ACCENDRA HEALTH, INC.
(Exact name of registrant as specified in its charter)

Virginia

54-1701843

(State or other jurisdiction of
incorporation or organization)

(IRS Employer
Identification No.)

4435 Waterfront Drive, Suite 300 Glen Allen, Virginia

23060

(Address of principal executive offices)

(Zip Code)

ACCENDRA HEALTH, INC. AMENDED AND RESTATED 2023 OMNIBUS INCENTIVE PLAN

(Full title of the plan)

Heath Galloway

Executive Vice President, General Counsel and Corporate Secretary

4435 Waterfront Drive, Suite 300

Glen Allen, Virginia 23060

(Name and address of agent for service)

(804) 277-4304

(Telephone number, including area code, of agent for service)

It is respectfully requested that the Commission send copies of all notices, orders and communications to:

Jennifer L. Lee, P.C.

Sarah Lipinski

Kirkland & Ellis LLP

601 Lexington Avenue

New York, New York 10022

(212) 446-4800

Indicate by check mark whether the registrant is a large accelerated filer, an accelerated filer, a non-accelerated filer, a smaller reporting company or an emerging growth company.
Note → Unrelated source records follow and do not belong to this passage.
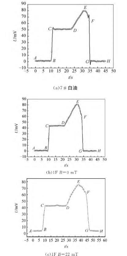 使用拉脫法測(cè)量了磁性液體的磁表面張力,無外加磁場(chǎng)作用時(shí),磁性液體的表面張力小于其載液的表面張力,磁性液體液膜拉得更長(zhǎng),液膜收縮的趨勢(shì)比白油更明顯,這主要是因?yàn)榇判砸后w中加入的表面活性劑降低了其表面張力。由液膜拉脫過程電壓變化曲線可觀察到:不同條件下磁性液體的電壓變化情況不同,無外加磁場(chǎng)作用時(shí)2F號(hào)磁性液體在EF階段存在轉(zhuǎn)折點(diǎn)Q,越過轉(zhuǎn)折點(diǎn),QF階段電壓變化較平緩,且表面張力越小;而7#白油和1F磁性液體并未出現(xiàn)此現(xiàn)象,這主要是因?yàn)?#白油和1F磁性液體表面張力較大,2F號(hào)磁性液體由于表面張力較小,其液體分子與分子之間的作用力較弱,宏觀表現(xiàn)為拉脫的液膜更長(zhǎng),液膜在空氣中會(huì)存在一段時(shí)間。有外加磁場(chǎng)作用時(shí),2F號(hào)磁性液體在FG階段并未出現(xiàn)電壓變化平緩的中間過程,但FG階段出現(xiàn)了另一些數(shù)據(jù)點(diǎn),液膜破裂的時(shí)間大于無外加磁場(chǎng)作用時(shí)的時(shí)間,主要是由于外加磁場(chǎng)增強(qiáng)了磁性顆粒之間的相互作用,分子和分子之間的磁吸引力增強(qiáng),導(dǎo)致液膜逐步破裂。
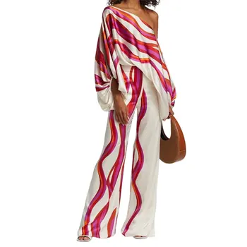 Yeezzi 2024 New Female Elegant Two Pieces Sets Fashion Striped Puff Sleeves Off-the-shoulder Tops & High Waist Wide Leg Pants
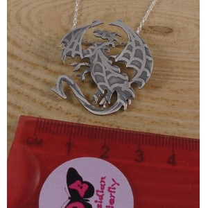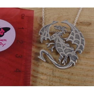 An intricate dragon necklace, hand made from sterling silver. The shape of the dragon has been hand pierced from a sheet of sterling silver. The details and pattern have then been hand drawn and etched. Two loops have then been soldered to the back for the chain, and the necklace has been oxidised to blacken the etched details.
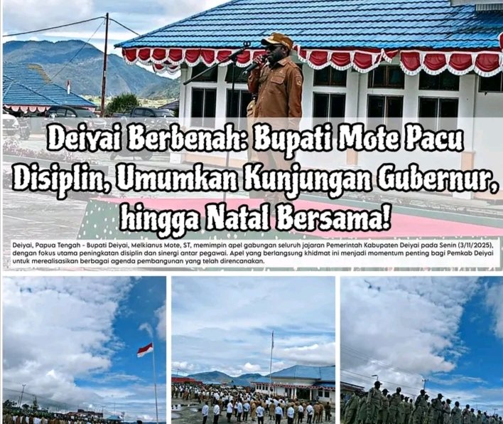DEIYAI, TOMEI.ID | Pemerintah Kabupaten Deiyai terus berbenah menuju tata kelola pemerintahan yang lebih disiplin dan produktif. Hal itu ditegaskan Bupati Deiyai, Melkianus Mote, saat memimpin apel gabungan di halaman kantor bupati, Senin (3/11/2025).
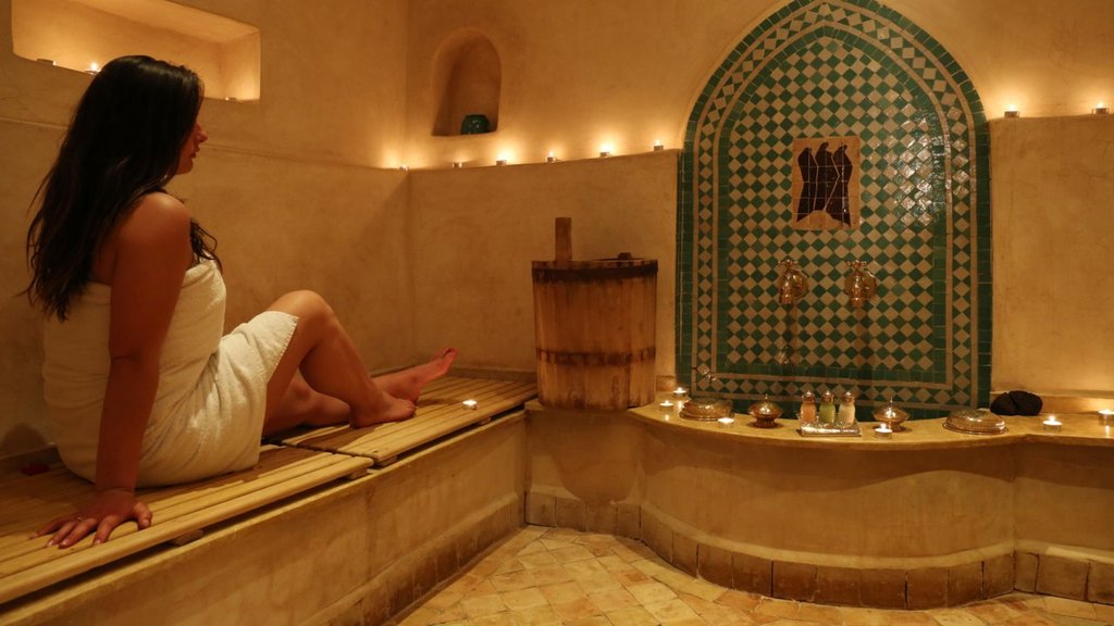 Start in a warm, dry room to relax and allow your body to get used to the heat before entering an even warmer room, and then a steam room. Your attendant will set aside your towel, and after a few minutes, you’ll be ready to start the next stage. The attendant will apply black olive-oil soap, known as savon beldi, to your body, and you will be scrubbed with a kessa loofah. Much rinsing and scrubbing will follow, helping you clean your skin and get the stress out. Remember the phrase “ghi bshwiya,” which means “a bit softly, please!”
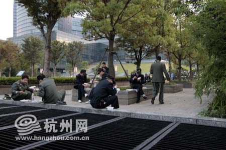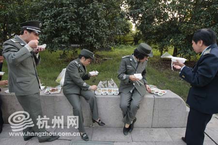 江干区采荷中队的这几名队员索性就在路边将就着解决了。
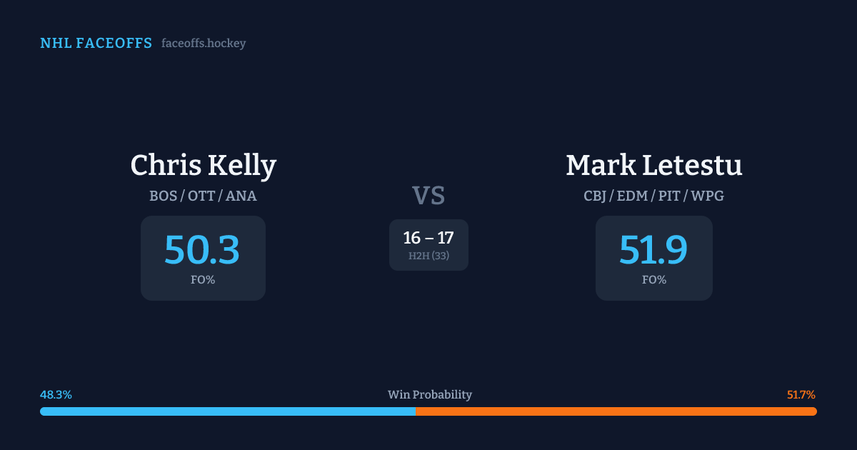 Chris Kelly vs Mark Letestu — Faceoff Head-to-Head
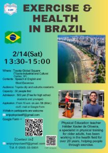 日本語 中文 Português Participants Wanted ホーム Wanted Participants Wanted 【Application starts Jan. 5】English Salon ”EXERCISE & HEALTH IN BRAZIL”
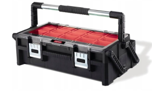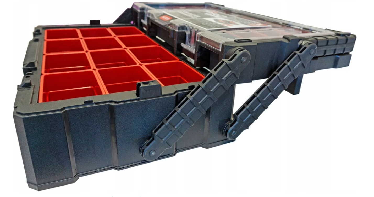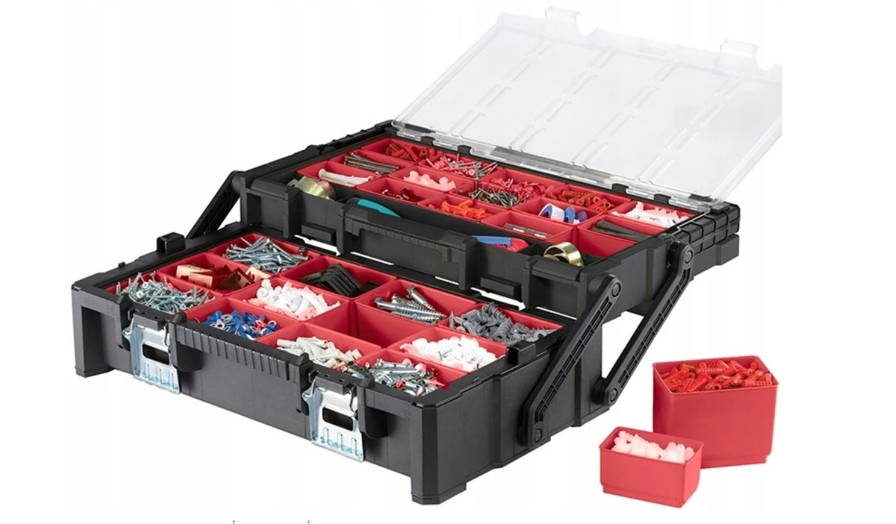 Praktyczny organizer narzędziowy z mechanizmem cantilever, zaprojektowany z myślą o wygodnym przechowywaniu drobnych akcesoriów, elementów montażowych i podręcznych narzędzi w uporządkowanym układzie.

See the definitions of “large accelerated filer,” “accelerated filer,” “smaller reporting company,” and “emerging growth company” in Rule 12b-2 of the Exchange Act. 

Large accelerated filer

Accelerated filer

Non-accelerated filer

Smaller reporting company

Emerging growth company

If an emerging growth company, indicate by check mark if the registrant has elected not to use the extended transition period for complying with any new or revised financial accounting standards provided pursuant to Section 7(a)(2)(B) of the Securities Act.


PART I

On May 11, 2023, the shareholders of Accendra Health, Inc. (f/k/a Owens & Minor, Inc.) (the “Company” or the “Registrant”) approved the Owens & Minor, Inc. 2023 Omnibus Incentive Plan (“2023 Plan”) and, (i) on May 12, 2023, the Registrant filed a Registration Statement on Form S-8, File No. 333-271859 (the “Initial Registration Statement”) registering 4,800,000 shares of Common Stock, $2.00 par value (the “Common Stock”) of the Registrant available for issuance to eligible persons under the 2023 Plan and (ii) on May 10, 2024, the Registrant filed a Registration Statement on Form S-8, File No. 333-279297 (together with the Initial Registration Statement, the “Prior Registration Statement”) registering 2,150,000 shares of Common Stock. The contents of the Prior Registration Statement are hereby incorporated by reference.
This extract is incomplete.